Data entries:
::::

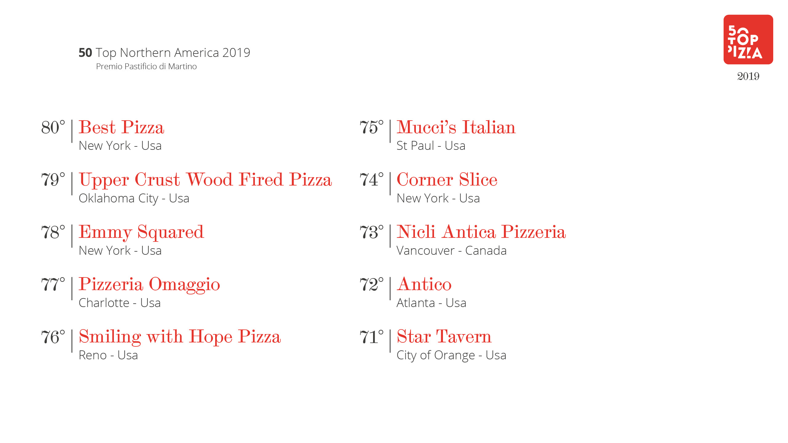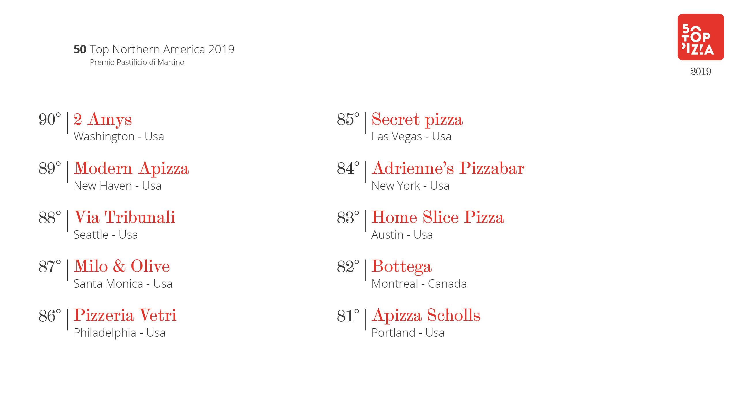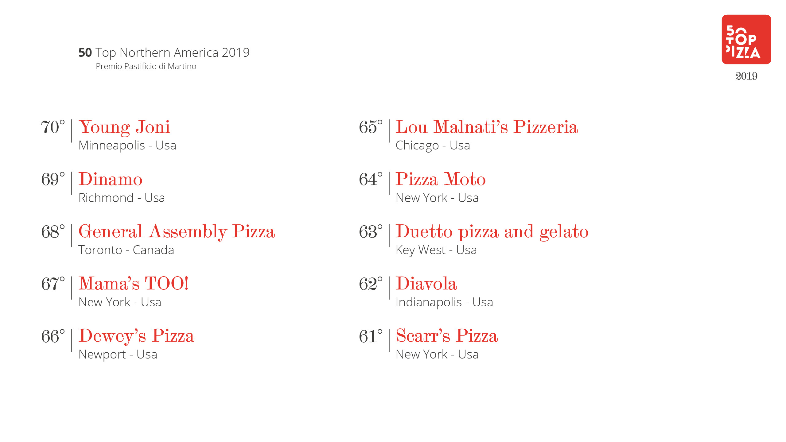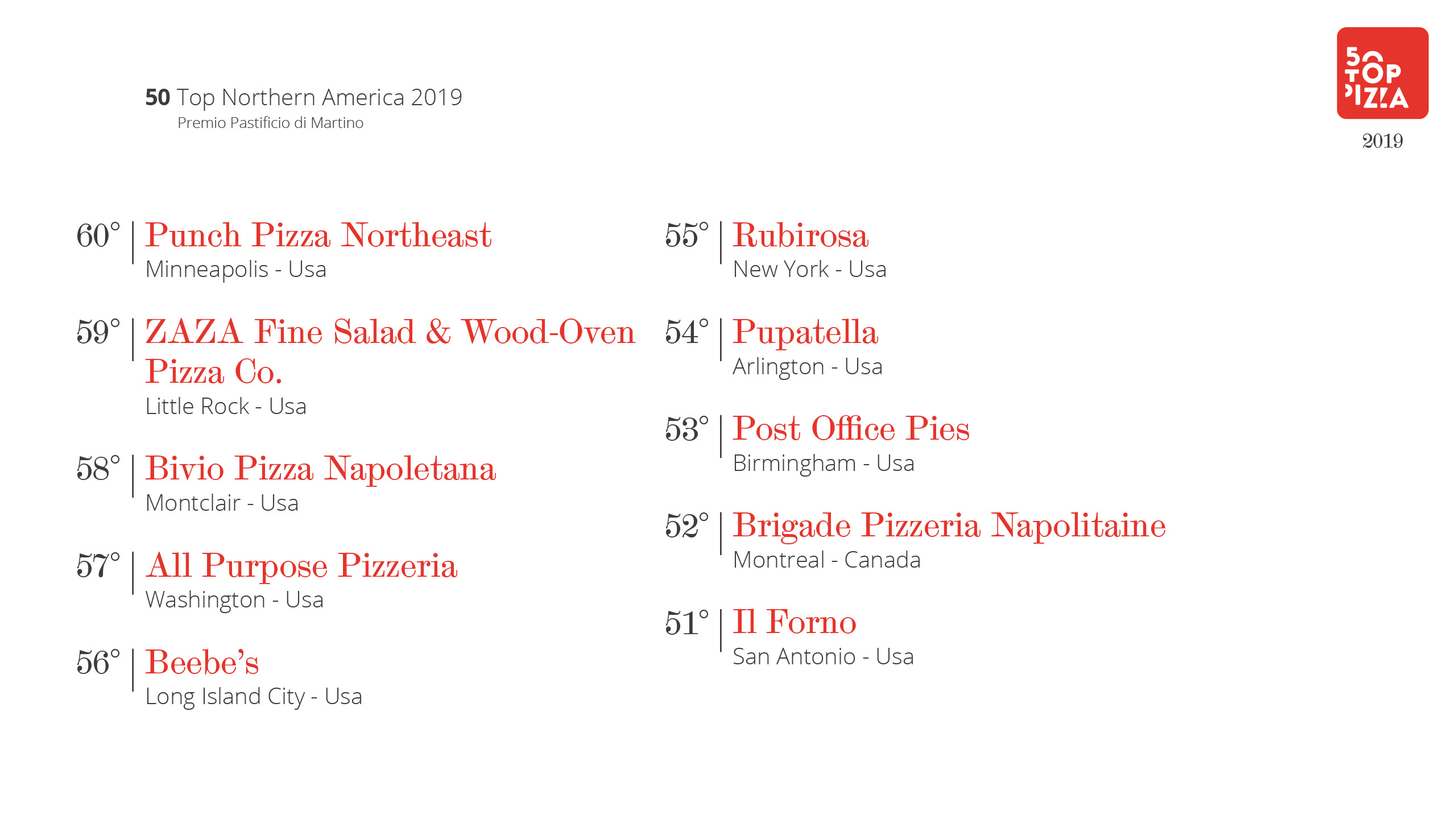 Classifica 50 Top Northern America 2019 – Premio Pastificio di Martino
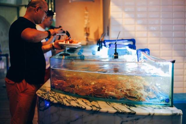鲜活区的海鲜都是选好了当场打捞出来,还需要盖上盖子以免“虾兵蟹将”的逃窜。这里的海鲜还会根据季节有所调整,保证顾客吃到当下应季最新鲜最美味的食物。
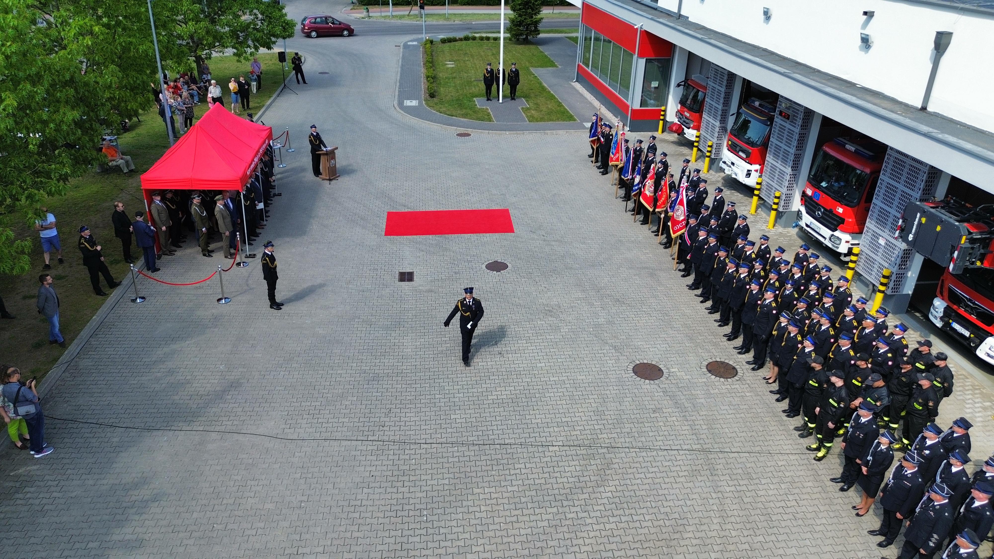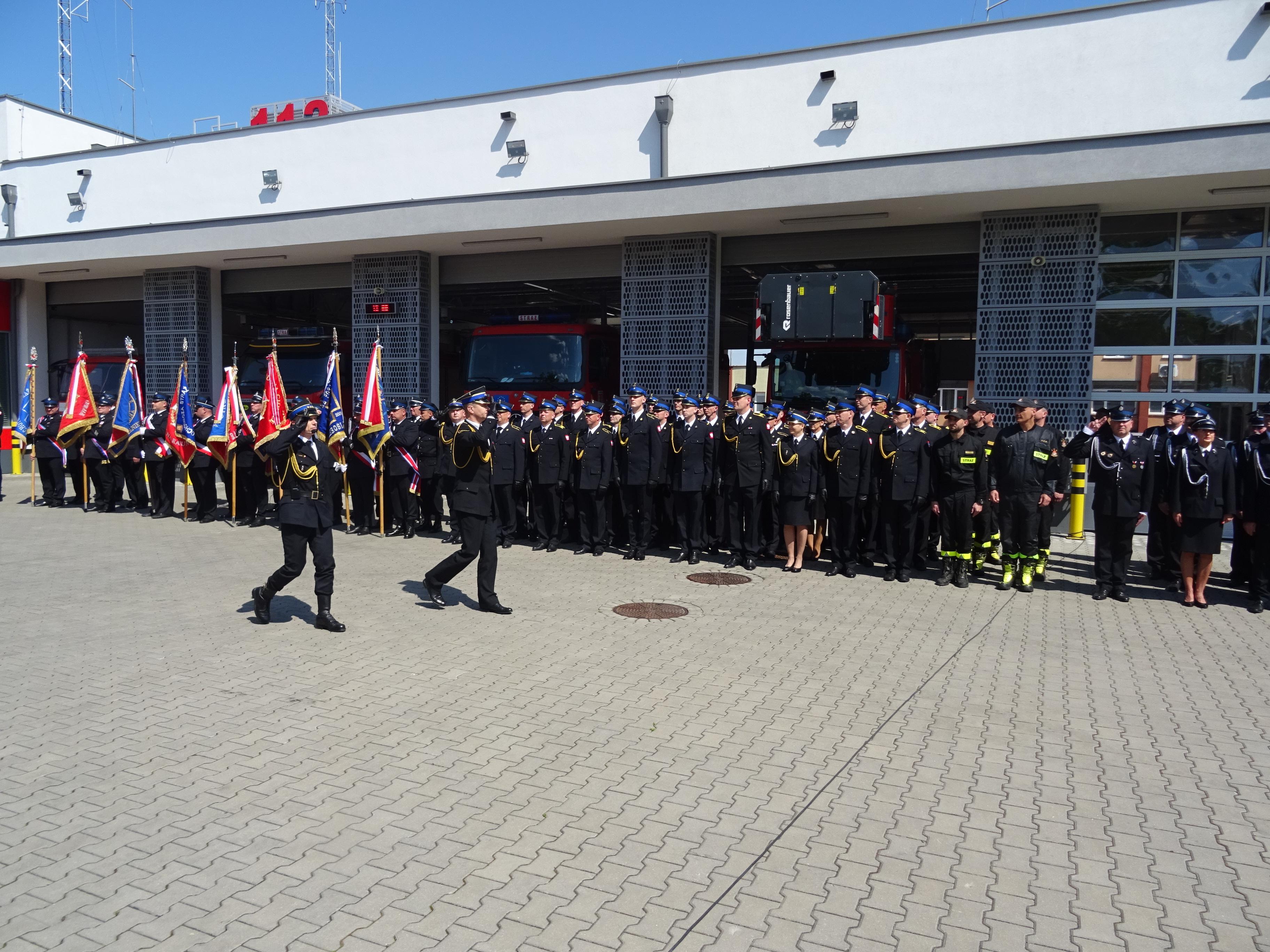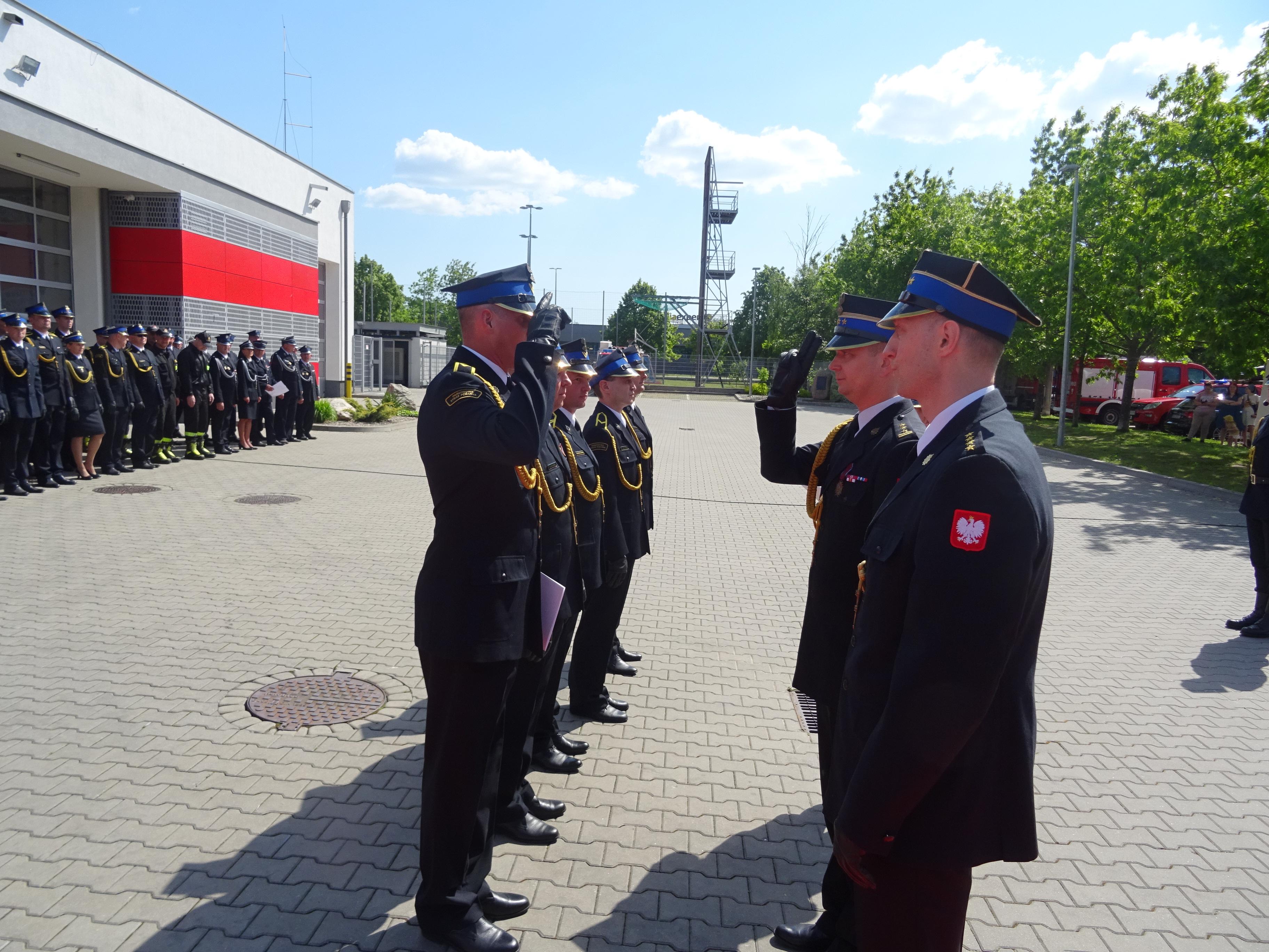 Główna część uroczystości rozpoczęła się meldunkiem złożonym st. bryg. Marcinowi Wierelowi Zastępcy Podlaskiego Komendanta Wojewódzkiego PSP przez dowódcę uroczystości
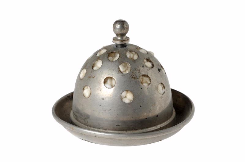 MS 6989. Pelletsbehållare. Förkromad metall, Diam 88, H 55 mm. Gåva 1975-01 av tandläkare Gustav Erwall.
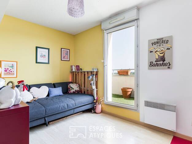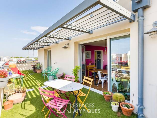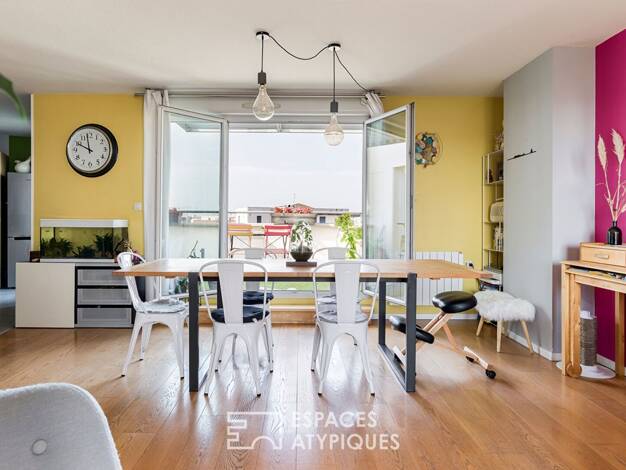 Appartement et son toit terrasse à Toulouse Secteur Borderouge, situé au 4ème et dernier étage d'un immeuble avec ascenseur, cet appartement T4 de 102 m² carrez offre une qualité de vie rare, prolong...
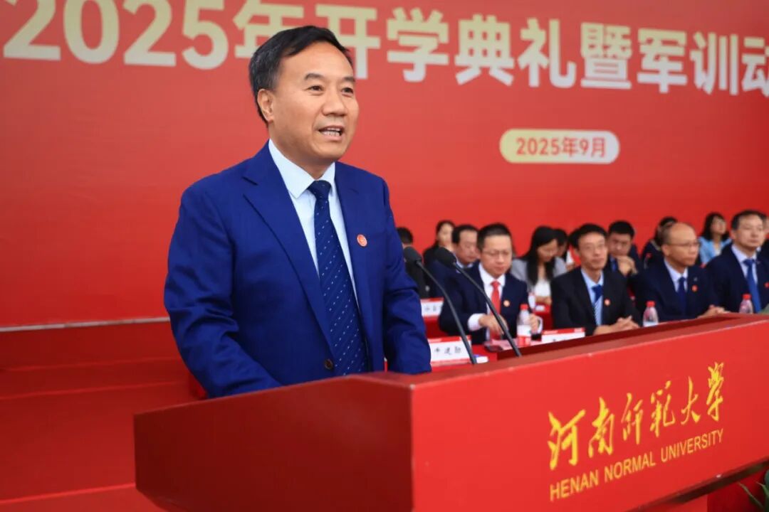 9月8日,我校2025级新生开学典礼在主校区西校区塑胶运动场隆重举行。郑州市第一中学校长牛建勋以“生源中学校长”与“师大学子”的双重身份参加,并作为优秀生源中学代表发言。全文如下:
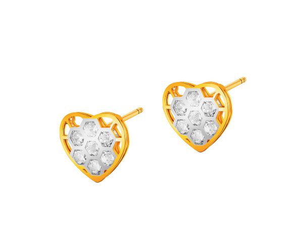 Złote kolczyki z cyrkoniami – serca – AP534-7763. Żółte złoto rodowane
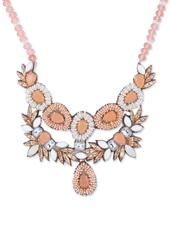 #2 peach statement necklace with crystals and seed beads & similar products...

::::

DIRECTIONS:
The line containing "MS 6989. Pelletsbehållare." marks the start: set down exactly that line and every line after it through the last line of the data, without any pictures.

RESPONSE BOX:
 MS 6989. Pelletsbehållare. Förkromad metall, Diam 88, H 55 mm. Gåva 1975-01 av tandläkare Gustav Erwall.
 Appartement et son toit terrasse à Toulouse Secteur Borderouge, situé au 4ème et dernier étage d'un immeuble avec ascenseur, cet appartement T4 de 102 m² carrez offre une qualité de vie rare, prolong...
 9月8日,我校2025级新生开学典礼在主校区西校区塑胶运动场隆重举行。郑州市第一中学校长牛建勋以“生源中学校长”与“师大学子”的双重身份参加,并作为优秀生源中学代表发言。全文如下:
 Złote kolczyki z cyrkoniami – serca – AP534-7763. Żółte złoto rodowane
 #2 peach statement necklace with crystals and seed beads & similar products...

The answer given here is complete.